Вкусы у Кауфмана стандартные для его поколения. Не дом, а Эрмитаж. Хуйнул побольше золота и барокко. Не удивлюсь, если у этого старого пердуна герб фамильный уже имеется.
Прохожу в зал. И тут же братец Евы, пытается перегородить мне дорогу:
– На пару слов, – кивает в сторону какой-то подсобки.
Блять, ну что еще?! Ебаный цирк!
Иду за ним. Знаю, что сейчас начнет ебать мозг про то, что, если хоть один волосок упадет с головы его сестренки, то бла-бла-бла…
Подсобка оказывается гостевой ванной. Вхожу. Фил закрывает дверь и тут же подлетает:
– Если ты хоть пальцем ее тронешь… – пищит мне в лицо.
Как предсказуемо. Еб твою мать, завали уже!
Хватаю его за грудки, с силой прижимаю спиной к стенке, что у него аж вышибает воздух из легких:
– Трону, блять, – рычу в ответ. – Она, сука, моя жена. Я ее сегодня еще как трону.
Лицо Фила покрывается красными пятнами. Кулаком со всей дури ударяет меня в печень. Стискиваю челюсти. Сучий потрах!
Локтем прижимаю горло к стенке. Его лицо становится багровым. Наклоняюсь и громко говорю в самое ухо:
– Обещаю, что буду сегодня трахать твою сестренку так, что завтра она ходить не сможет.
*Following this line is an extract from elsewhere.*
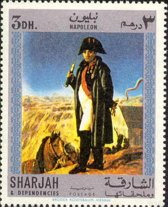 Другие марки серии: Шарджа, 1970, Битва при Йене Шарджа, 1970, Битва при Йене Шарджа, 1970, Битва при пирамидах Шарджа, 1970, Битва при пирамидах Шарджа, 1970, Битвы при Йене и на Москве-реке Шарджа, 1970, Бонапарт на Аркольском мосту Шарджа, 1970, Бонапарт на Аркольском мосту Шарджа, 1970, Наполеон Бонапарт, лейтенант Шарджа, 1970, Наполеон Бонапарт, лейтенант Шарджа, 1970, Наполеон в 1814 году |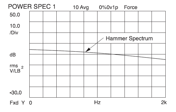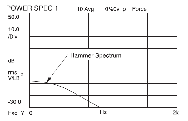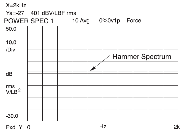 그림 2는 스펙트럼 분석기에서 볼 수있는 Dytran 시리즈 5800B 해머의 일반적인 결과입니다.

Если ты, гандон, еще раз пасть свою откроешь, закатаю тебя в цемент на заднем дворе твоего папаши, понял меня?
Резко отпускаю. Фил хватается за горло и пытается сделать вдох.
Такой же безрассудный, как и его сестрица. Будет весело начистить ему ебальник прямо на свадебной вечеринке.
Но веселья и без него хватает. Открываю защелку и выхожу из ванной.
– Ты за все ответишь, – сипит мне жалостливо вслед.
Это твой папаша за все ответит. Скоро. Очень скоро.
Организаторы зазывают всех в сад, там накрыт праздничный банкет. Щуплый пацан, помощник тамады, подбегает ко мне:
– А где невеста? Мы вас уже ждем, – говорит запыхавшись.
– Будет через пять минут, – рявкаю, он предпочитет свалить в туман.
Блять, если эта девчонка сейчас не спустится…
Хрупкая фигурка в белом платье появляется на лестнице.
Не смотрит на меня. Лицо насупленное, бледное. Приподнимает подол платья, начинает спускаться по лестнице.
За ней следуют ее подружки. Кидают в меня обеспокоенные косарики.
Ева с гордым видом пересекает зал и собирается, видимо, пройти мимо меня. Моментально выбешивает.
Я сдерживаюсь. Подхожу к ней. Вместе идем к выходу в сад. Кидаю на нее взгляд искоса. Выражение такое, словно на собственных похоронах. Злобное скорбное приведение.
– Если улыбнешься, куплю тебе шоколадку, – буркаю ей на ухо, то ли побесить, то ли хоть немного разрядить обстановку.
– Пошел ты! – рявкает в ответ.
Если эта девка меня еще раз пошлет, вытрахую сегодгня всю дурь из нее, честное слово! Сжимаю кулаки.
Мы выходим в сад под аплодисменты гостей. Ведущий начинает свою задорную тираду:
– А вот и наши виновники торжества! Посмотрите, какая очаровательная пара!...
О, да, очаровательная – это про нас. Занимаем свои места.
Весь вечер Ева сидит молча и ничего не ест. Когда доходит очередь до тоста ее отца, замечаю, как она сжимает свои маленькие ручки в кулаки.
– Сегодня я самый счастливый отец, моя принцесса выходит замуж! – говорит Кауфман-старший с чувством, под трогательные вздохи гостей.
Настолько притворно, что даже я сейчас блевану. Он продолжает:
– Доченька, ты такая красивая у нас, вся светишься изнутри. Я спокоен, ты выбрала в мужья достойного человека. Но, всё же, супругу наказ: береги мою дочь так, как мы берегли, и не забывай баловать…
Да уж, папаша, блять. Не тебе меня учить. Сам-то сберег, подонок? Продал дочурку за тридцать сребреников.
Поднимаю бокал и посылаю ему жуткую улыбку. На какую только способен. И пизденышу-Филу заодно, бедный малыш становится красным от злости.
Ева сидит, как статуя. Сверлит взглядом отца. Легонько толкаю ее в бок.